Liu Yufang drew a breath.
“I didn’t know what it meant to ‘alter a statement.’ That day after I got home, someone came to find me, gave me fifty thousand yuan, and told me that Dagang had indeed taken cold medicine before going out. He even gave me an empty medicine box.”
“So you went and changed the record?” Fang Yongnian’s voice was icy.
Fifty thousand yuan, for four lives and one leg.
Liu Yufang nodded.
“That doesn’t count as changing the record. That person said Dagang really did take cold medicine. Later I even asked Dagang’s old coworker, and he said it was fine.”

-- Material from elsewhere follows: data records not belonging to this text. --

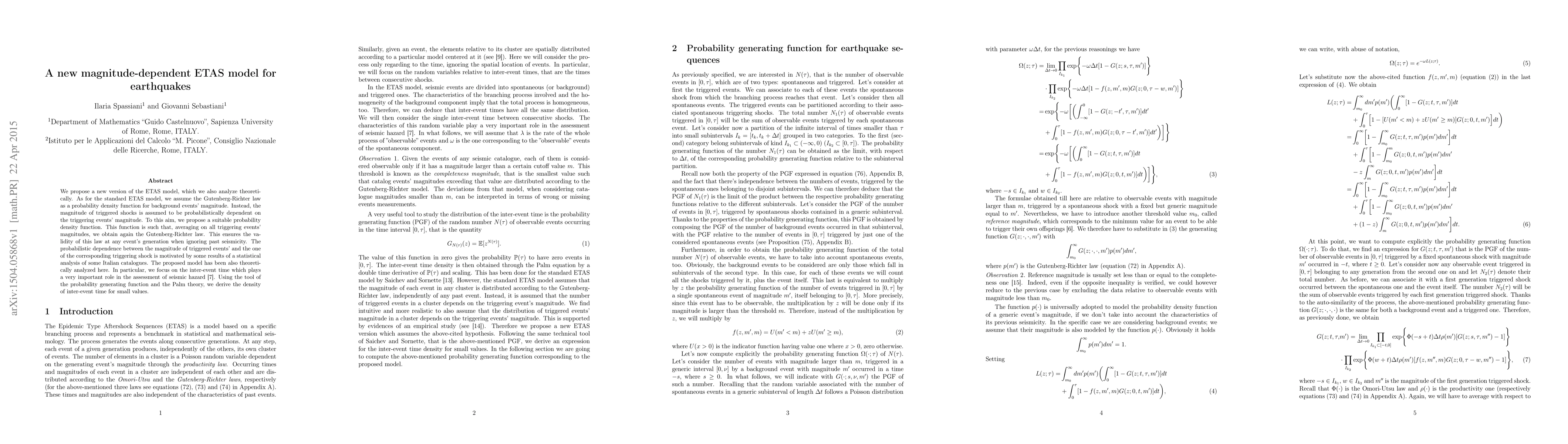 We propose a new version of the ETAS model, which we also analyze theoretically. As for the standard ETAS model, we assume the Gutenberg-Richter law as a probability density function for background events' magnitude. Instead, the magnitude of triggered shocks is assumed to be probabilistically dependent on the triggering events' magnitude. To this aim, we propose a suitable probability density function. This function is such that, averaging on all triggering events' magnitudes, we obtain again the Gutenberg-Richter law. This ensures the validity of this law at any event's generation when ignoring past seismicity. The probabilistic dependence between the magnitude of triggered events' and the one of the corresponding triggering shock is motivated by some results of a statistical analysis of some Italian catalogues. The proposed model has been also theoretically analyzed here. In particular, we focus on the inter-event time which plays a very important role in the assessment of seismic hazard. Using the tool of the probability generating function and the Palm theory, we derive the density of inter-event time for small values.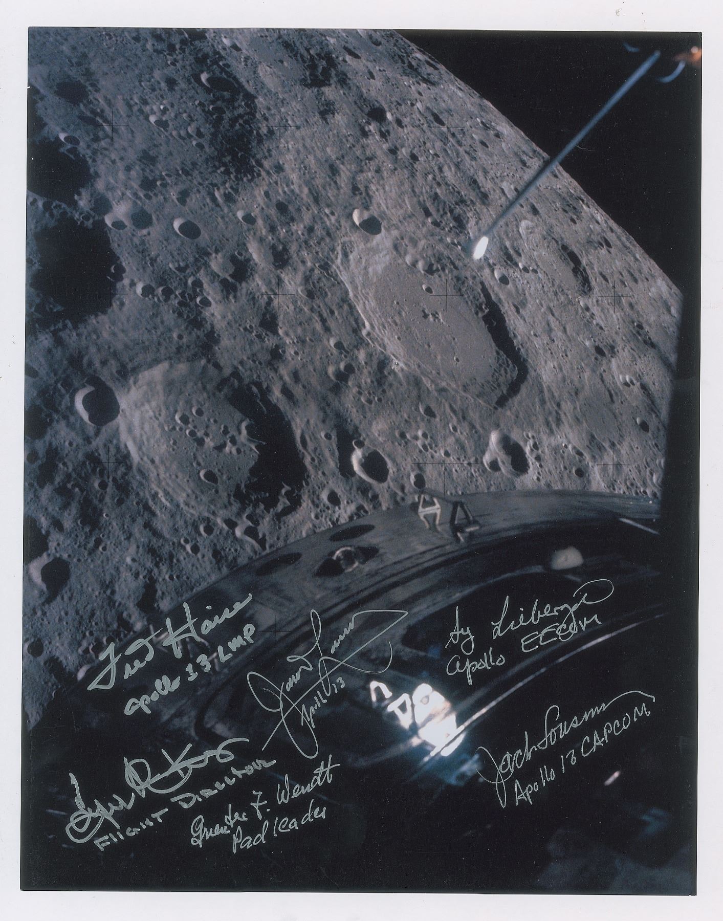 Desirable color satin-finish 11 x 14 photo of Apollo 13 passing the moon, signed in silver ink, "Fred Haise, Apollo 13 LMP," "James Lovell, Apollo 13," "Jack Lousma, Apollo 13 CAPCOM," "Eugene F. Kranz, Flight Director," "Guenter F. Wendt, Padleader," and "Sy Liebergot, Apollo EECOM." In very good to fine condition, with scattered light creasing.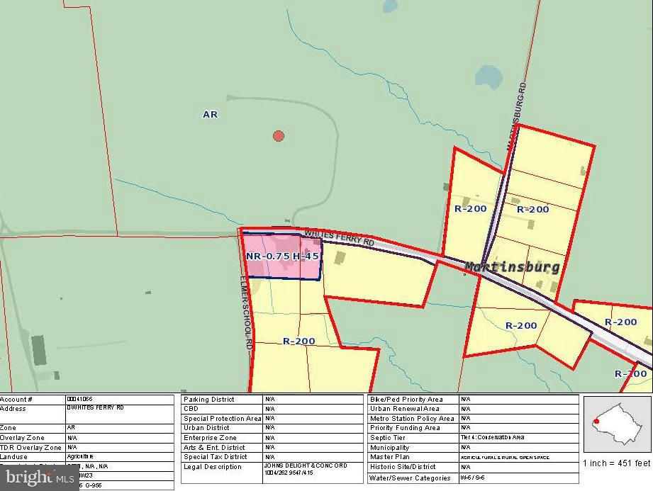 Beautiful and private 136.2 gently rolling acres in the western Montgomery County Agricultural Reserve. This property offers a mix of cleared farmland and forest with excellent road access along both Whites Ferry Rd and Martinsburg Rd. There are remnants of a home on the property. AR Zoning provides potential for up to five residential lots (min 25 acres each). Just minutes from recreational opportunities along the Potomac River and the lovely small town of Poolesville that offers some of the highest rated schools in the state. The main entrance to the property is on Whites Ferry Rd near the intersection with Elmer School Rd. Please do not enter the property without prior approval.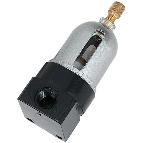 コンプレッサーとエアツールの間に設置して、エアライン中の固形不純物(ゴミ)や水分(ドレン)を取り除きます。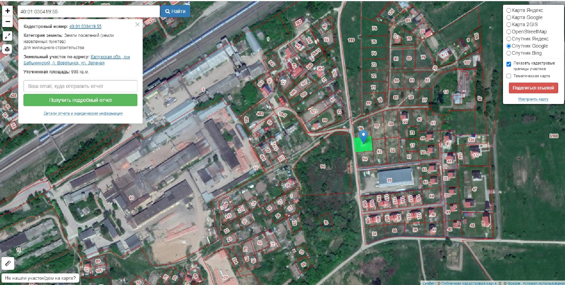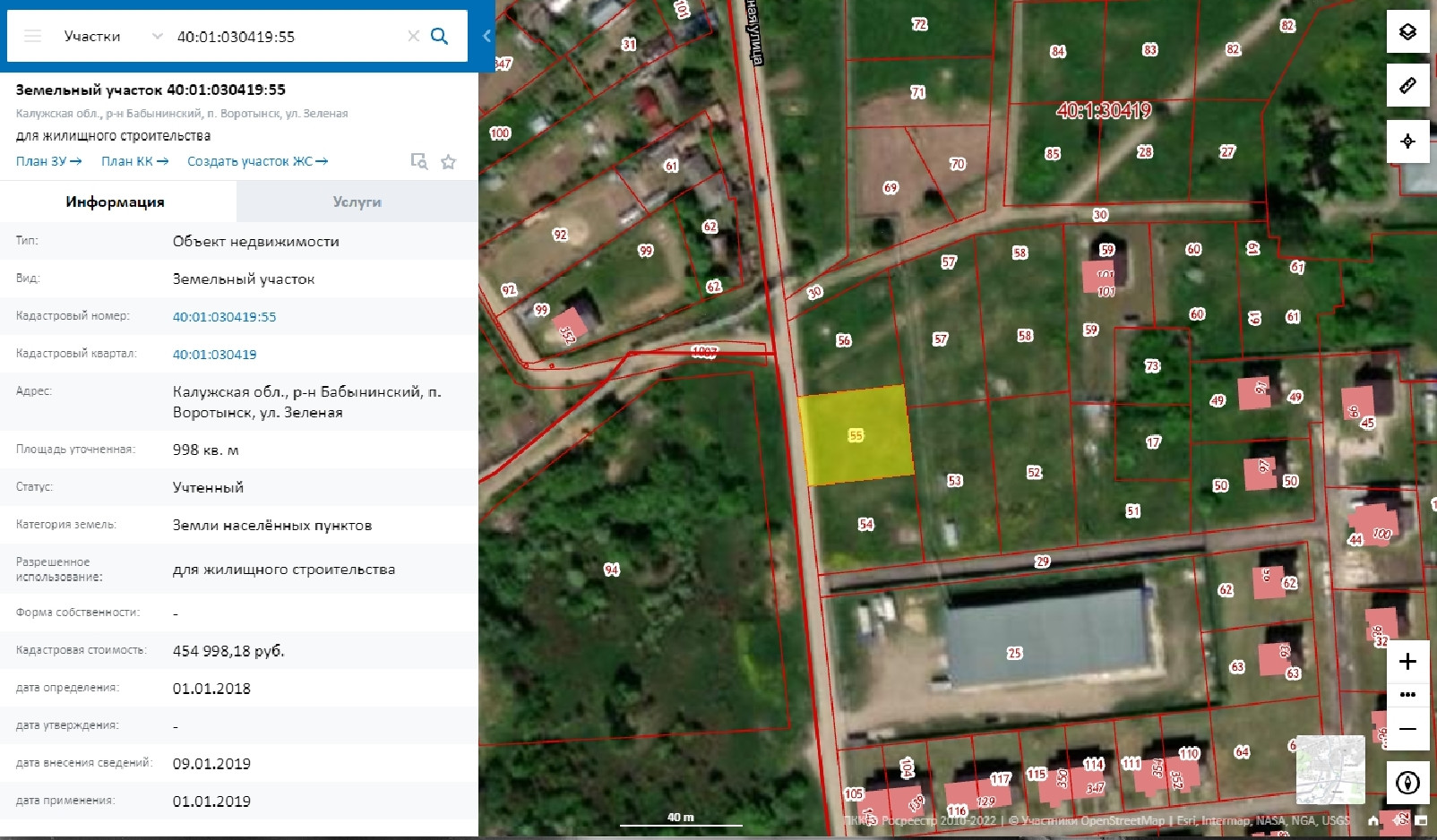 Продаётся земельный участок площадью 998 кв. м., по адресу Калужская область, Бабынинский район, посёлок Воротынск, ул. Зелёная, КН 40:01:030419:55. Категория - земли населённых пунктов, вид разрешённого использования - для жилищного строительства, что предполагает строительство индивидуального жилого дома не более трёх этажей для проживания одной семьи. Соседи активно строятся, рядом магазин Светофор. Свет, газ, вода. Участок виден на Публичной кадастровой карте, метка на карте здесь соответствует действительности, просьба осмотр произвести самостоятельно. В наличии ещё четыре участка там же, номера  :27, :54, :81, :84  от 8 до 10 соток.  Цена 22 тыс руб за сотку. Ипотека возможна. Собственник.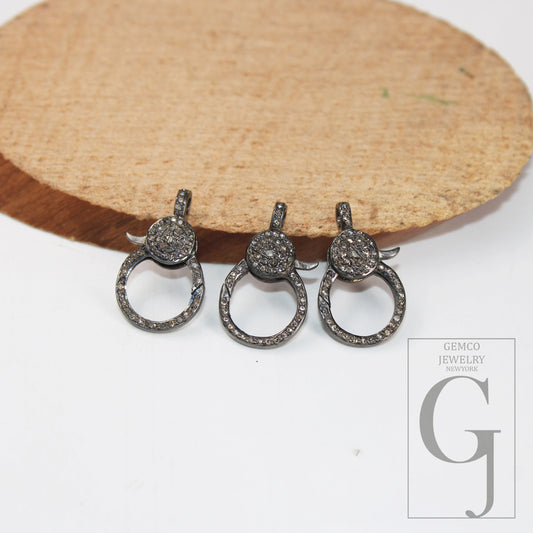 Beautiful Designer Rosecut Pave Diamond Screw Design Clasp 925 Sterling Silver Handmade Finish Round Shaped Clasp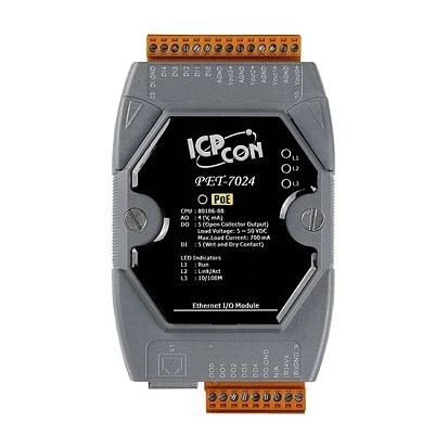 Ethernet I/O Module with 4-channels AO, 5-channels DI and 5-channels DO (RoHS), PoE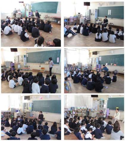 本日、おはなしボランティア「ぐるっぽ」の皆さんにお越しいただき、全学級でお話会を行いました。ぐるっぽの皆さんには、本の読み聞かせをしていただいたり、朗読をしていただいたりしました。45分間、子どもたちはお話の世界に入り、楽しく過ごすことができました。

She still wanted to defend herself, but Fang Yongnian no longer wanted to hear it.
“Then why did you call me?” he cut off her excuses.
Liu Yufang hesitated.
Fang Yongnian stood still, waiting.
“After changing the record, I kept feeling something wasn’t right,” she finally said. “But I couldn’t figure out what exactly was wrong. So I wanted to find the person who first called me asking if Dagang had taken cold medicine.”
“But that phone number wouldn’t go through anymore.”
Liu Yufang’s clouded eyes narrowed slightly. She lowered her head and began absentmindedly fiddling with the hem of her clothes.
“They told me four people died in the car accident, and that you were the only survivor, so I thought…”
She stopped speaking.
She thought—the one who survived was Ge Wenyao.
“I found your phone number in the accident registration records. I didn’t have my phone with me at the time, so I borrowed the security guard’s phone.”
Fang Yongnian raised his eyebrows.
She was lying.
If she had only wanted to ask a question, her first words wouldn’t have been ‘Did you receive the money?’
If Ge Wenyao had merely called to ask about cold medicine, there was no way she would have known he was going to be in the car as well.
Most importantly, why would she assume that the person who called her was the one who had survived?
“Did Wang Dagang receive any other money?” Fang Yongnian was silent for a moment before suddenly asking.
Liu Yufang’s head jerked up. The wrinkles carved deep by years of hardship twisted her face into something almost feral.
“Wang Dagang received other money, that’s why you called me.” Fang Yongnian repeated, this time as a statement rather than a question.
This Liu Yufang knew far more than she had said.
For the first time in four years, he was only one step away from the truth.